Glyn Moody adds that “another #swpats [software patents] by the backdoor attempt blocked” (and the parasites will carry on trying).
Over in Germany, there is quiet celebration among the likes of André Rebentisch and Karsten Gerloff from the FFII and FSFE, respectively. On the other hand, Microsoft booster Florian the mobbyist is daemonising Red Hat again (using old news) and saying utter nonsense, as Rebentisch helps expose:
Florian “Mueller also noted that a less costly European patent system would also help open-source developers and companies to obtain and, if necessary, enforce patents on a Europe-wide scale. He also suggested that at some point the EU will want to have a “unified patent system, including a single patent court”.”
Florian turns out to be the next Benoît. Hardly surprising his most recent “change of mind”.
It is not clear why David Meyer plugged in claims from a known liar. These claims are lunacy, a bit like the recent claims that open source is a “cartel”. Anyway, leaving aside aggravators like Florian, FFII founder Hartmut Pilch weighed in as well. Almost nobody in Germany would ever benefit from software patents, no matter how loudly mobbyists speak out and how many journalists they mass-mail to ‘inject’ disinformation on behalf of corporate clients.
APRIL, a Free software advocacy group in France, has a strongly-worded announcement about this major development and there are many articles on the matter including some in German. “ECJ says that Commission proposal for unitary EU #patent is incompatible with EU treaties” is how Gerloff summarises it.
The FSF’s Bradley Kuhn addresses the problem with Novell’s Mono trap when he writes that “#Tomboy is part of !GNOME desktop, so #Microsoft #swpats attack could impact. Glad to learn dependency won’t increase”
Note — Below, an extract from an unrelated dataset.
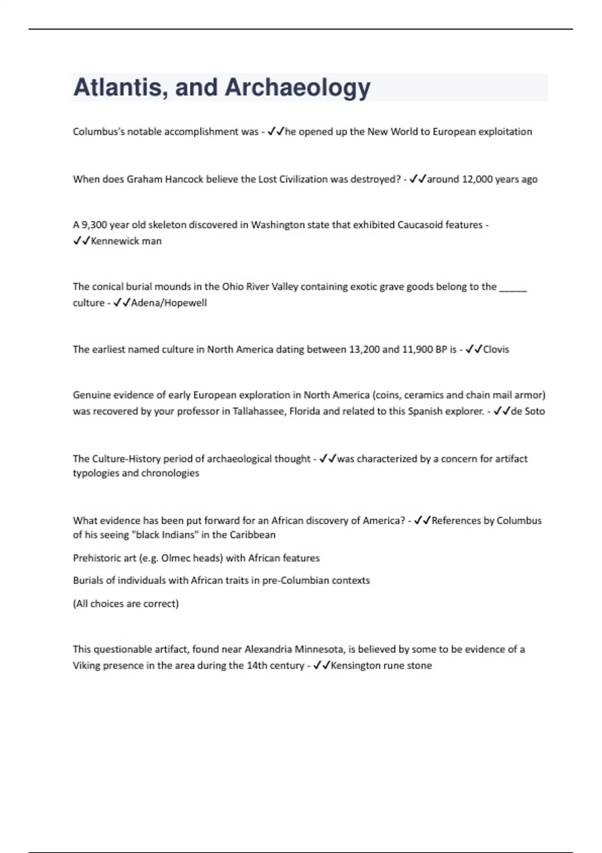 Columbus's notable accomplishment was - he opened up the New World to European exploitation When does Graham Hancock believe the Lost Civilization was destroyed? - around 12,000 years ago A 9,300 year old skeleton discovered in Washington state that exhibited Caucasoid features - Kennewick man The conical burial mounds in the Ohio River Valley containing exotic grave goods belong to the _____ culture - Adena/Hopewell The earliest named culture in North America dating between 13,200 and 11,900 BP is - Clovis Genuine evidence of early European exploration in North America (coins, ceramics and chain mail armor) was recovered by your professor in Tallahassee, Florida and related to this Spanish explorer. - de Soto The Culture-History period of archaeological thought - was characterized by a concern for artifact typologies and chronologies What evidence has been put forward for an African discovery of America? - References by Columbus of his seeing "black Indians" in the Caribbean Prehistoric art (e.g. Olmec heads) with African features Burials of individuals with African traits in pre-Columbian contexts (All choices are correct) This questionable artifact, found near Alexandria Minnesota, is believed by some to be evidence of a Viking presence in the area during the 14th century - Kensington rune stone

The OSI’s Simon Phipps speaks about Novell’s atrocious deal with Microsoft, wherein a patent transfer is being arranged. To quote the new article:
When we consider software patents, it’s easy to believe they are something outside the open source communities. Mentally, many of us model them as a weapon belonging to “patent trolls” – companies who don’t make products in the area of the patents they own (they may have other business interests they are funding) but instead create their income by shaking down businesses who unwittingly stray into their patent minefields.
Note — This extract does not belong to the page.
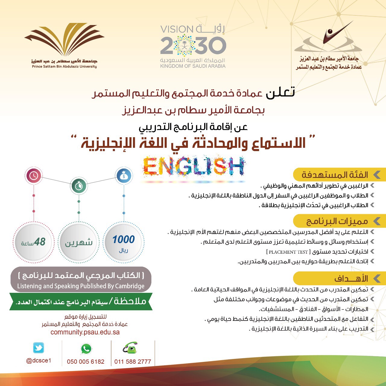 تعلن عمادة خدمة المجتمع والتعليم المستمر بجامعة الأمير سطام بن عبدالعزيز عن فتح باب التسجيل في برنامج : الاستماع والمحادثة باللغة الإنجليزية وذلك من خلال زيارة مركز التدريب الجامعي المعتمد لطرح البرامج التدريبية والتعليمية بالجامعة .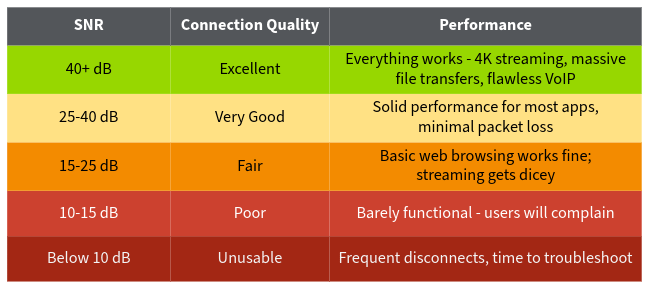 - WiFi 5 (802.11ac): Needs 30 dB SNR for best performance

But I suggest that many of the patents these “non-practicising entities” (as they are known to lawyers) use actually come directly from the development of software and potentially open source software. They start life in “friendly” hands, but there’s every chance they will eventually be used in harmful ways. Just look at the proposed sale of Novell’s patent portfolio to CPTN to get the idea how. Right now the US Department of Justice seems to agree it’s a problem and may even intervene in the sale.
In the corporations where I have worked, programmers have been incented along with other engineers to constantly watch their work for ideas that could be encapsulated in a patent. This “parallel filing” – developers doing work and filing patents on their innovations at the same time – results in the creation of a ring-fence around each activity in which the engineers participate.
CPTN may end up just dying if the deal gets blocked by the US DOJ or anti-cartel authorities. And guess who’s getting sued again? That would be Google. The plaintiff stays mum: “In a brief response, the company tells me that they will not comment on either this case or the complaint they’ve just filed against Google, revealing that the search giant is effectively already under legal attack by the software maker.” Obama plans fundamental rethink of software patents, but it won’t be enough. In fact, it’s more like lip service based on what we’ve seen all along (even before Obama took office). Also see “FTC recommends patent reform”; “US FTC report recommends improvements in patent system”; “FTC Targets Patent Trolls”; “FTC Puts Patent Trolls On Notice” and “US patent law change to protect innovators”. It’s likely that nothing will change in the US because once bad laws are passed, it is extremely hard to reverse/retract them. Other news about software patents which we lack time to cover are added below. █
- A Practical Rant about Software Patents
- Why are a paltry number of patents registered in Africa?
- Patent trolls fatten up on vaguely worded patents
- Apple And PayPal Hit With Lawsuit Over Patent For ‘One-Click’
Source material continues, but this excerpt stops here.